*** Begin section ***
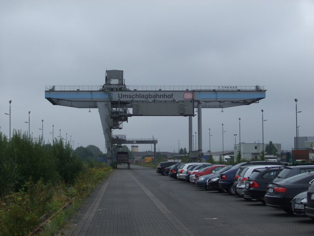 Der ehemalige Umschlagbahnhof in Bielefeld Ost. Heute befindet sich auf dem Gelände eine Holzfabrik. Nur die zugewachsenen Gleise und ein Containerkran erinnern an die alte Zeit. Das Gelände ist offen zugänglich! Aufgenommen am 17.08.2010.
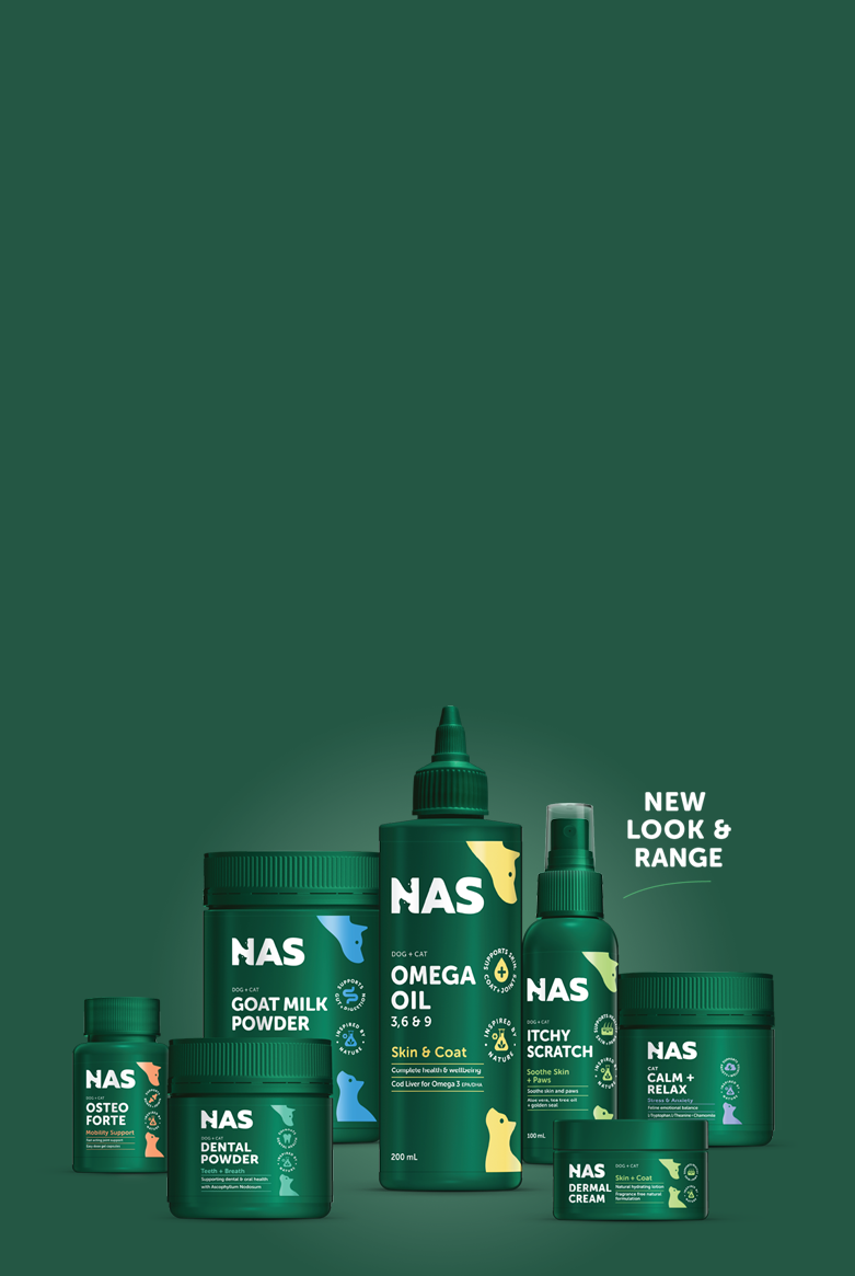 Help your pet find their calm! NAS Calm & Relax is a gentle, natural formula crafted to support relaxation, emotional balance, and digestive wellbeing for a happier, more settled pet.
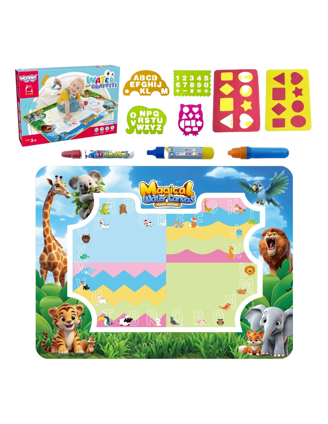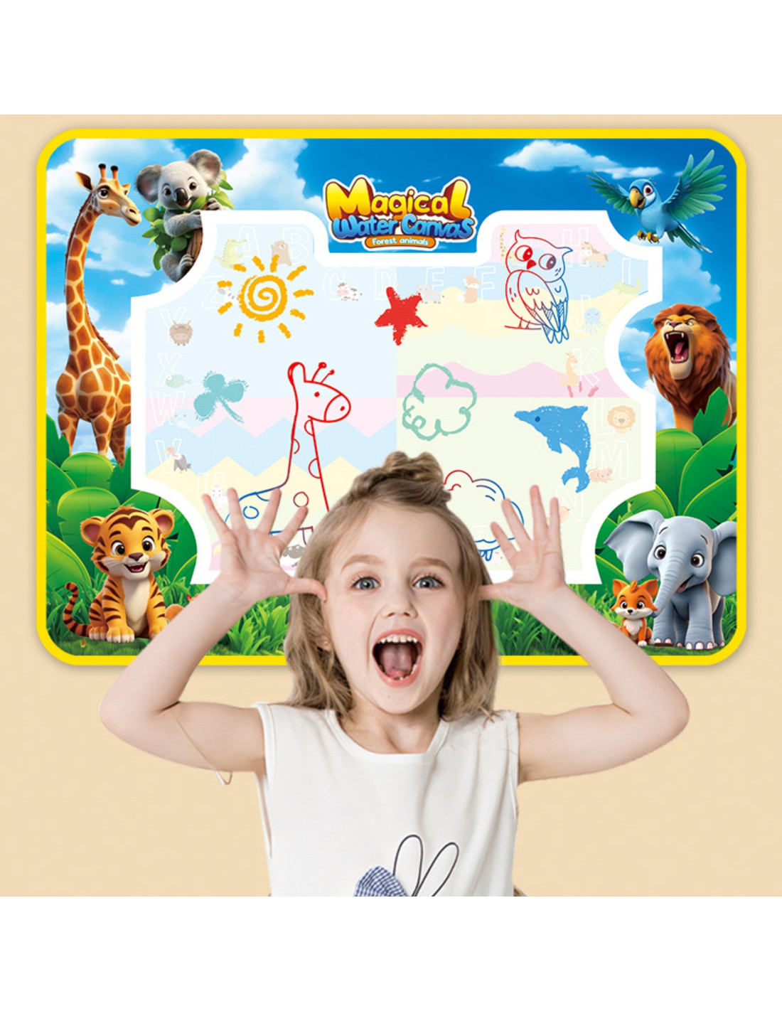 The WOOPIE Water Painting Mat is an educational art kit for children aged 3 and up . Simply fill the included markers with clean water to discover colors, letters, numbers, and shapes without the use of ink or paint. The drawings appear briefly and disappear once dry, inviting you to play again. The large 100x75 cm format provides space for collaborative creation, and the playful jungle animal graphics encourage learning through play.
*** End section ***
### About this task
When copying the listing above, begin at its first line and stop after the line with "Help your pet", keeping each line exact and dropping the pictures.

### Finished exercise
 Der ehemalige Umschlagbahnhof in Bielefeld Ost. Heute befindet sich auf dem Gelände eine Holzfabrik. Nur die zugewachsenen Gleise und ein Containerkran erinnern an die alte Zeit. Das Gelände ist offen zugänglich! Aufgenommen am 17.08.2010.
 Help your pet find their calm! NAS Calm & Relax is a gentle, natural formula crafted to support relaxation, emotional balance, and digestive wellbeing for a happier, more settled pet.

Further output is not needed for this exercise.